I'll start with the two most common wrong approaches to counters.
Incrementally increment / decrement the counter value in all places where a change may occur (create, edit, publish, publish a post, delete a moderator, change an admin, etc.).
As well as various combinations of these approaches (for example, to increment in the right places, and, once a day, completely recalculate in the background). Why are these approaches wrong? In short, the answer is: I tried, I did not succeed.
Surely, the method described in the article is not the only one. But I came to two important principles, and, IMHO, they are applicable to all the "correct" methods:
Update one counter should occur in one place.
The following section is an attempt to explain how I came to them. Consistently, step by step, on the example of the increasingly complex requirements for the publication count. In the explanation, I will use pseudocode in Python.
The easiest option.

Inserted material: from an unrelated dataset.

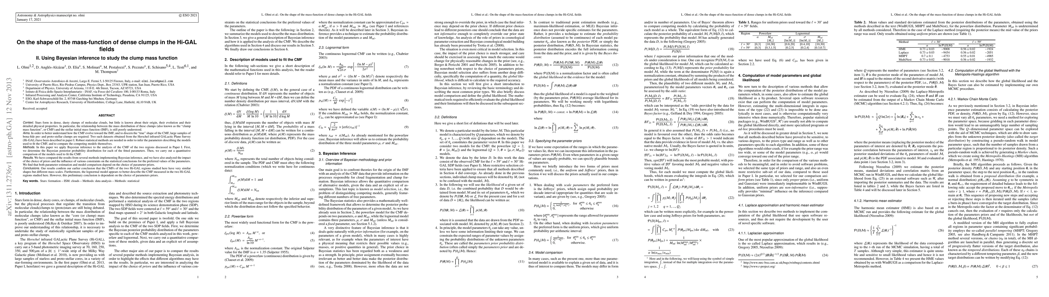 Context. Stars form in dense, dusty clumps of molecular clouds, but little is known about their origin, their evolution and their detailed physical properties. In particular, the relationship between the mass distribution of these clumps (also known as the "clump mass function", or CMF) and the stellar initial mass function (IMF), is still poorly understood. Aims. In order to better understand how the CMF evolve toward the IMF, and to discern the "true" shape of the CMF, large samples of bona-fide pre- and proto-stellar clumps are required. Two such datasets obtained from the Herschel infrared GALactic Plane Survey (Hi-GAL) have been described in paper I. Robust statistical methods are needed in order to infer the parameters describing the models used to fit the CMF, and to compare the competing models themselves. Methods. In this paper we apply Bayesian inference to the analysis of the CMF of the two regions discussed in Paper I. First, we determine the Bayesian posterior probability distribution for each of the fitted parameters. Then, we carry out a quantitative comparison of the models used to fit the CMF. Results. We have compared the results from several methods implementing Bayesian inference, and we have also analyzed the impact of the choice of priors and the influence of various constraints on the statistical conclusions for the preferred values of the parameters. We find that both parameter estimation and model comparison depend on the choice of parameter priors. Conclusions. Our results confirm our earlier conclusion that the CMFs of the two Hi-GAL regions studied here have very similar shapes but different mass scales. Furthermore, the lognormal model appears to better describe the CMF measured in the two Hi-GAL regions studied here. However, this preliminary conclusion is dependent on the choice of parameters priors.
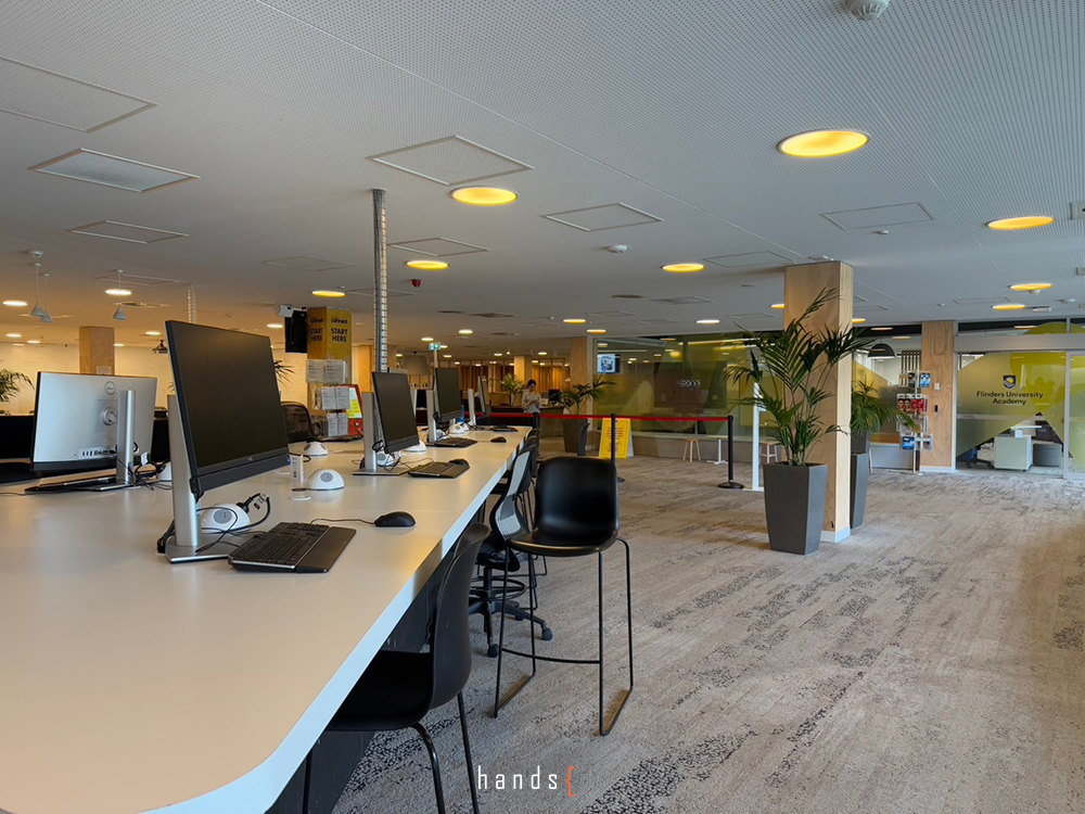 เรียกได้ว่าเป็น “Home of Engineering, IT, Computer Science, Maths and Defence” ของมหาวิทยาลัย Flinders ค่ะ อีกทั้งยังเป็นสถาบันวิจัยอุปกรณ์การแพทย์ หรือ Medical Device Research Institute (MDRI) ถูกสร้างขึ้นบนพื้นที่ศูนย์การผลิตเก่าของ มิตซูบิชิ มอเตอร์ส ด้วยมูลค่ากว่า 120 ล้านดอลล่าร์ออสเตรเลีย ล้อมรอบไปด้วยธุรกิจและองค์กรที่เป็นที่รู้จักทั่วโลก ไม่ว่าจะเป็น BAE, SAGE, Siemens, ZEISS, SIMEC ZEN Energy, Tesla, Micro-X, Rockwell Automation เป็นต้น น้อง ๆ ที่เรียนหลักสูตรปริญญาตรี Engineering หรือ IT สามารถเลือกฝึกงานได้ถึง 20 สัปดาห์ ต้องบอกเลยว่า Flinders University เป็นมหาวิทยาลัยที่ให้นักศึกษาได้ฝึกงานเป็นเวลานานที่สุดในออสเตรเลีย เป็นแคมปัสที่พี่แอบร้องว้าวอยู่ในใจหลายครั้งเลยค่ะ สำหรับการเดินทางไป CBD ก็ง่ายนิดเดียว นั่งรถไฟเพียง 20 นาที สะดวกมาก ๆ ค่ะ

We need a counter of all created posts.
@on('create_post') def update_posts_counter_on_post_create(post): posts_counter.update(+1) @on('delete_post') def update_posts_counter_on_post_delete(post): posts_counter.update(-1)
Now we will introduce the concept of “draft” in the project so that the user can save an unfinished post and modify it later, as in Habré. To the counter, we add the condition to consider not all, but only published posts.

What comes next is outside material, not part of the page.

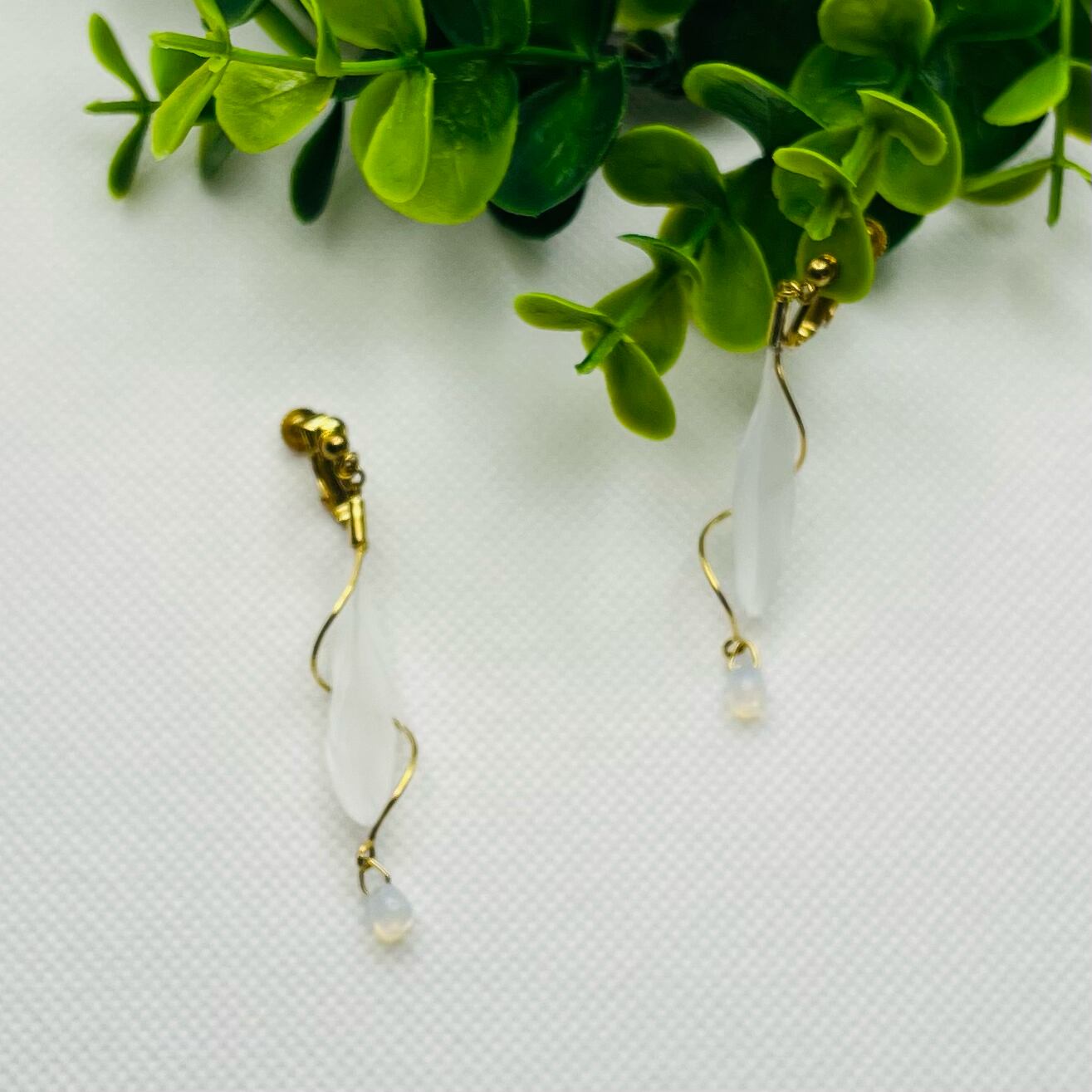説明:「上昇」や「飛躍」といった意味を持つ羽根とゴールドのらせんパーツ、ミルキーホワイトのチェコドロップビーズを組み合わせました。

@on('create_post') def update_posts_counter_on_post_create(post): if post.is_published: posts_counter.update(+1) @on('delete_post') def update_posts_counter_on_post_delete(post): if post.is_published: posts_counter.update(-1) @on('change_post') def update_posts_counter_on_post_change(post_old, post_new): if post_old.is_published != post_new.is_published: # , # if post_new.is_published: posts_counter.update(+1) else: posts_counter.update(-1)
Next, we understand that deleting a post from the database without the possibility of recovery is bad. Instead, add the is_deleted
flag. Deleted posts, of course, also should not be counted.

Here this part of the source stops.